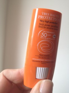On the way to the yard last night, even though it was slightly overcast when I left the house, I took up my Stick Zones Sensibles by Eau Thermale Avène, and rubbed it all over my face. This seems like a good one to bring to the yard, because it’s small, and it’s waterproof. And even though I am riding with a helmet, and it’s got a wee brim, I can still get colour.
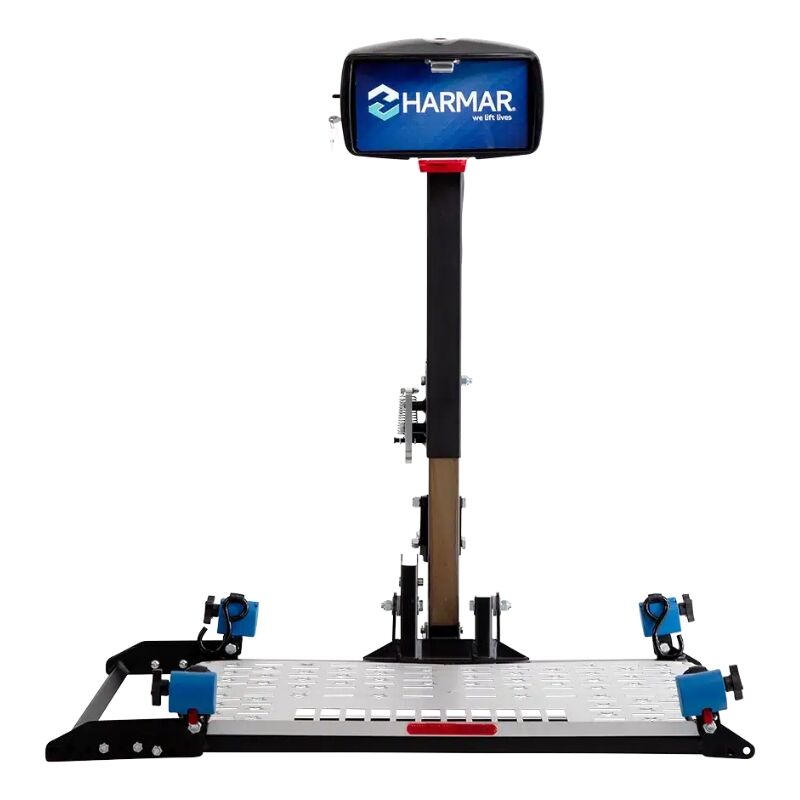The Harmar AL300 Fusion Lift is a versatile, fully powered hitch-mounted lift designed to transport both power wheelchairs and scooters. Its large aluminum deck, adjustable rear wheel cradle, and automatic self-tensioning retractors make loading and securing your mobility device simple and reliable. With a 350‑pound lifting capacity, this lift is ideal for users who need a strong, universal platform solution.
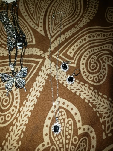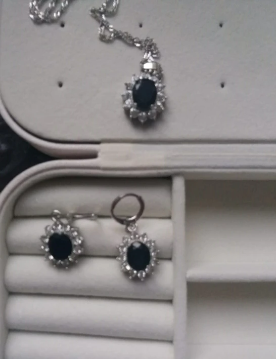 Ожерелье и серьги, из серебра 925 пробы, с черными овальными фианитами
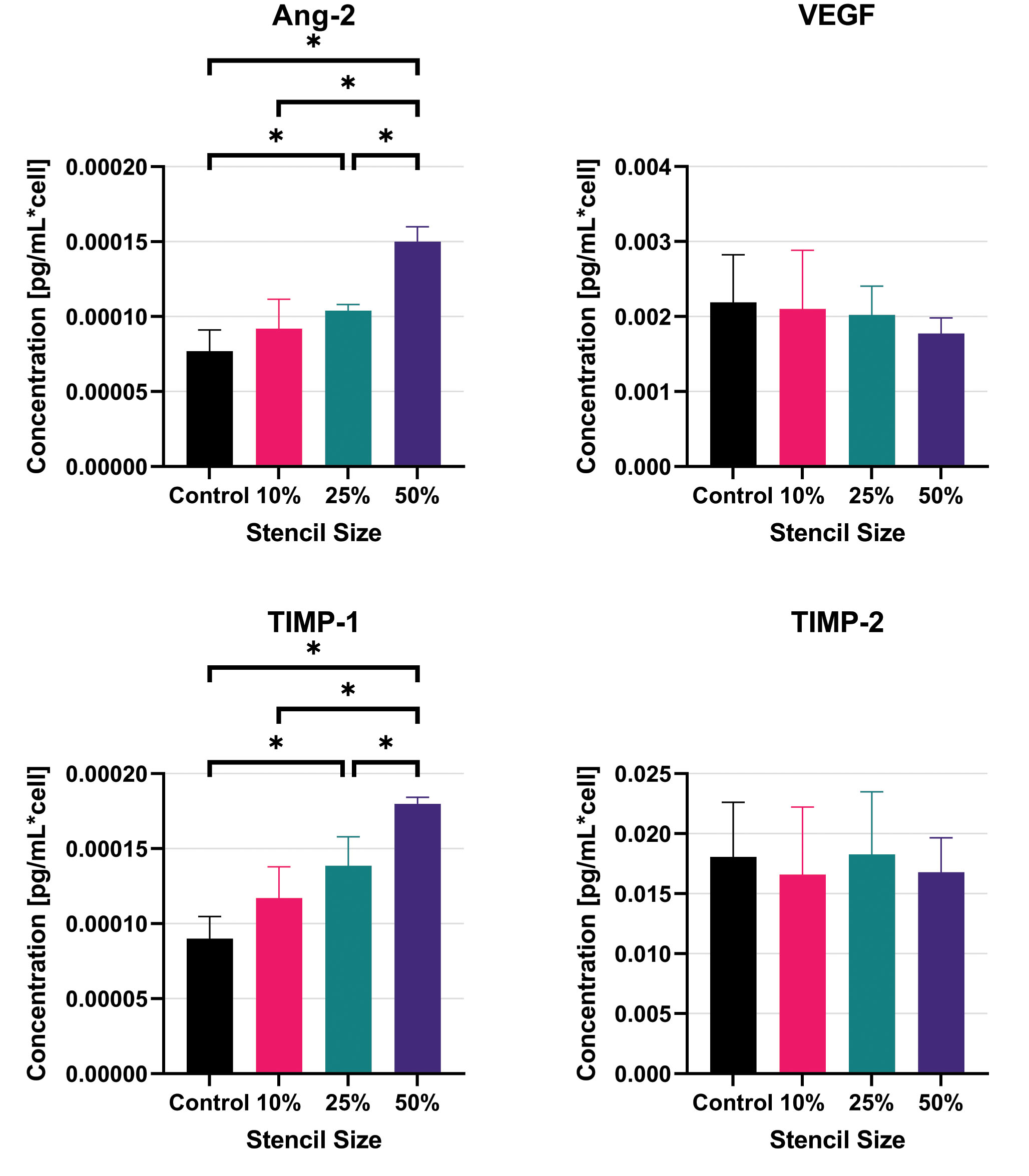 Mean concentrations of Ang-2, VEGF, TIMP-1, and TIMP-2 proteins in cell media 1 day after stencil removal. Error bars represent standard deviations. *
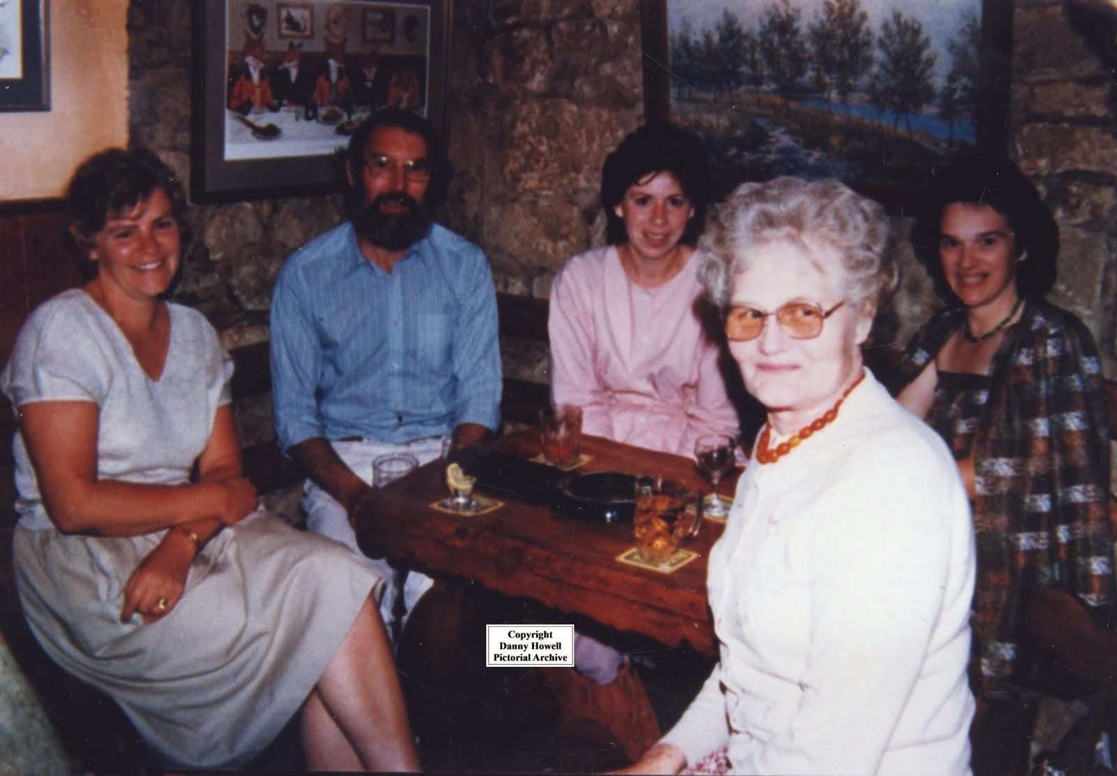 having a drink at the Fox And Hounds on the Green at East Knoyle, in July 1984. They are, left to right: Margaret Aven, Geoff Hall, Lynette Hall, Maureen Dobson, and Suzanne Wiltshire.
________________________________________
> Problem to solve: Give back exactly the lines from the one with "Ожерелье и серьги, из" through the end of the records above, inclusive, and omit any pictures.

> Solution to this exercise:
 Ожерелье и серьги, из серебра 925 пробы, с черными овальными фианитами
 Mean concentrations of Ang-2, VEGF, TIMP-1, and TIMP-2 proteins in cell media 1 day after stencil removal. Error bars represent standard deviations. *
 having a drink at the Fox And Hounds on the Green at East Knoyle, in July 1984. They are, left to right: Margaret Aven, Geoff Hall, Lynette Hall, Maureen Dobson, and Suzanne Wiltshire.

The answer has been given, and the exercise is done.